Gaussian- Selecting the gaussian button for a given layer assigns the gaussian transfer function to all nodes in that network layer. The gaussian transfer function significantly alters the learning dynamics of a neural network model. Where the sigmoid function acts as a gate (opened, closed or somewhere in-between) for a node’s output response, the gaussian function acts as a probabilistic output controller. Like the sigmoid function, the output response is normalized between 0 and 1, but the gaussian transfer function is more likely to produce the “in-between state”. It would be far less likely, for example, for the node’s output gate to be fully opened (i.e. an output of 1). Given a set of inputs to a node, the output will normally be some type of partial response (the output gate will open partially). Gaussian based networks tend to learn quicker than sigmoid counterparts, but can be prone to memorization.

Tanh- The hyperbolic tangent function is a counterpart to the sigmoid transfer function. While the hyperbolic tangent is similar to the sigmoid it can exhibit different learning dynamics during training. It can accelerate learning for some models, but it also may not achieve the same accuracy as sigmoid-based models. Experimenting with transfer functions for each individual model is the only conclusive method to determine if any of the non-sigmoid transfer functions will offer good learning and accuracy characteristics.

Sech- The hyperbolic secant is similar to the Gaussian in both numerical and conceptual function. Experimenting with this Gaussian counterpart is the only conclusive method to determine if it offers better learning and accuracy characteristics.
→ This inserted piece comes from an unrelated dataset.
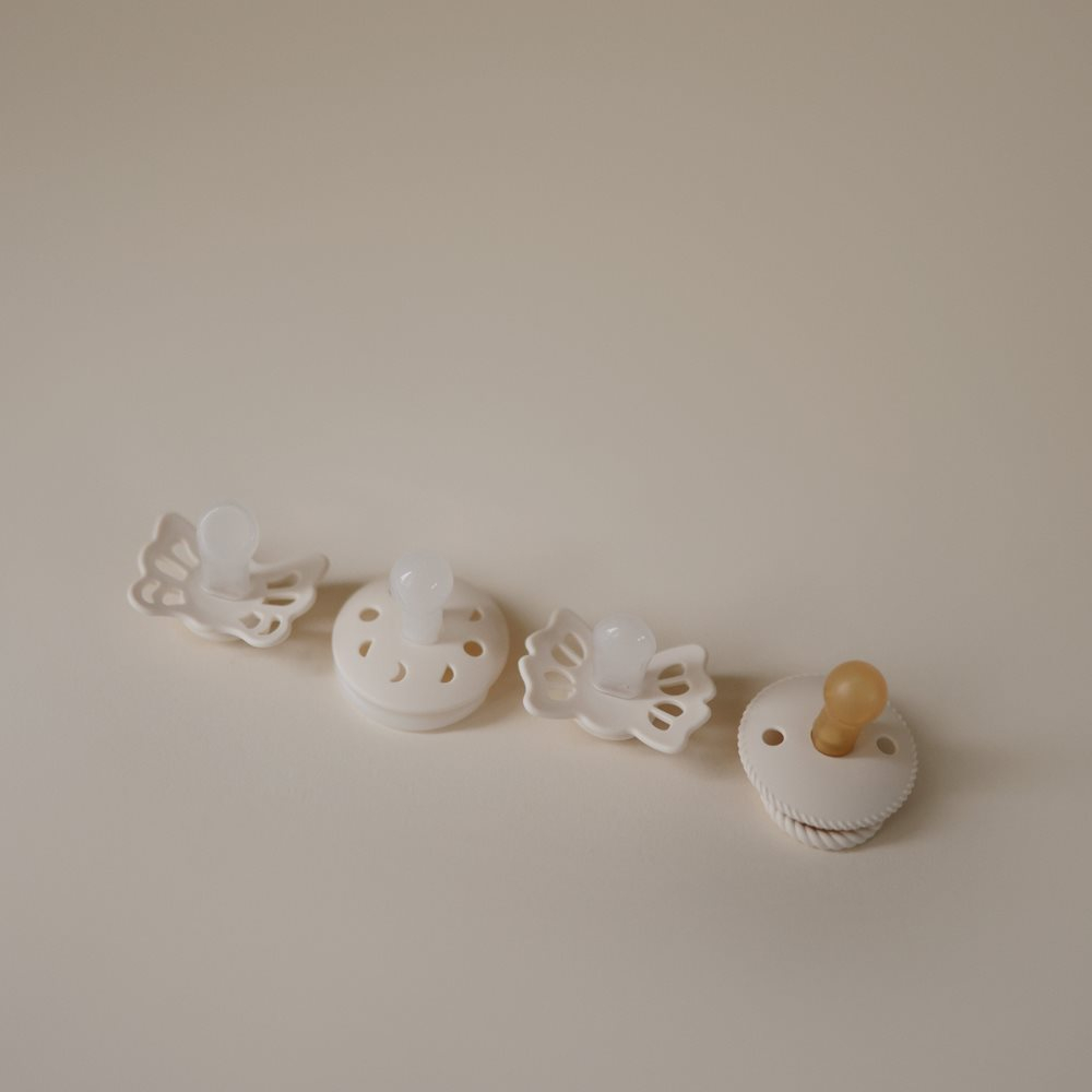 Πιπίλες σετ από την εταιρεία Frigg σε εκρού χρώμα. Το σετ αποτελείται από 4 διαφορά είδη πιπίλας. Διαθέτει 1 ανατομική κατασκευασμένη η θηλή από σιλικόνη ιατρικής ποιότητας, 2 φυσιολογικές επίσης κατασκευασμένες από σιλικόνη ιατρικής ποιότητας. Η μία από αυτές έχει φωσφοριζέ χερούλι και είναι ιδανική για την διάρκεια της νύχτας καθώς φωσφορίζει στο σκοτάδι το χερούλι. Επίσης, έχει και 1 πιπίλα φυσιολογική κατασκευασμένη η θηλή της από 100% φυσικό καουτσούκ. Είναι κατασκευασμένες οι ασπίδες τους από 100% πολυπροπυλένιο. Είναι απαλλαγμένες από BPA, BPS, PVC και φθαλικές ενώσεις. Ο σχεδιασμός τους βασίζεται στην ανατομία του στήθους μιας μητέρας, τόσο σε σχήμα όσο και σε υλικό. Όταν το παιδί πιπιλάει μια στρογγυλή πιπίλα, κυλάει τη γλώσσα του γύρω της με τον ίδιο τρόπο με τον οποίο θηλάζει. Η εταιρεία Frigg έχει ένα πατενταρισμένο σύστημα Click-lock® για τη συναρμολόγηση των πιπιλών, που εξασφαλίζει ότι τα κομμάτια είναι απόλυτα σταθερά και δεν αποσπώνται. Έτσι ελαχιστοποιεί τον κίνδυνο πνιγμού από μικρά κομμάτια, καθώς η πιπίλα είναι εξαιρετικά ανθεκτική. Πριν χρησιμοποιηθεί η πιπίλα για πρώτη φορά θα πρέπει να αποστειρωθεί. Καθαρίζεται εύκολα και αποστειρώνεται σε βραστό νερό. Δοκιμασμένο και εγκεκριμένο προϊόν σύμφωνα με το ευρωπαϊκό πρότυπο ασφαλείας EN1400 + A2. Μέτρο θηλής: 27mm.

Connections- The “Connections...” button invokes the connection editor for the given layer. Use this option to alter the network connections from the default fully connected configuration.

The connections in the network are shown in the left list box. The connections removed from the network are shown in the right list box. The connection notation L1, L2,... stands for Layer 1, Layer 2, etc. The notation N1, N2,... stands for Node 1, Node 2, etc. All connections between any two layers are represented by this notation and displayed in the lists. Simply select the desired connections and use the remove and add buttons to transfer the selected connections between lists. Select multiple connections by using the Shift and/or Ctrl keys with the mouse pointer. Holding down the shift key allows you to select multiple sequential connections. Holding down the Ctrl key allows you to select multiple connections individually. After editing the connections between layers, select Ok to register these changes. Selecting Cancel will cause changes to be discarded.

View Network- The “View Network” button will display the current design of your network.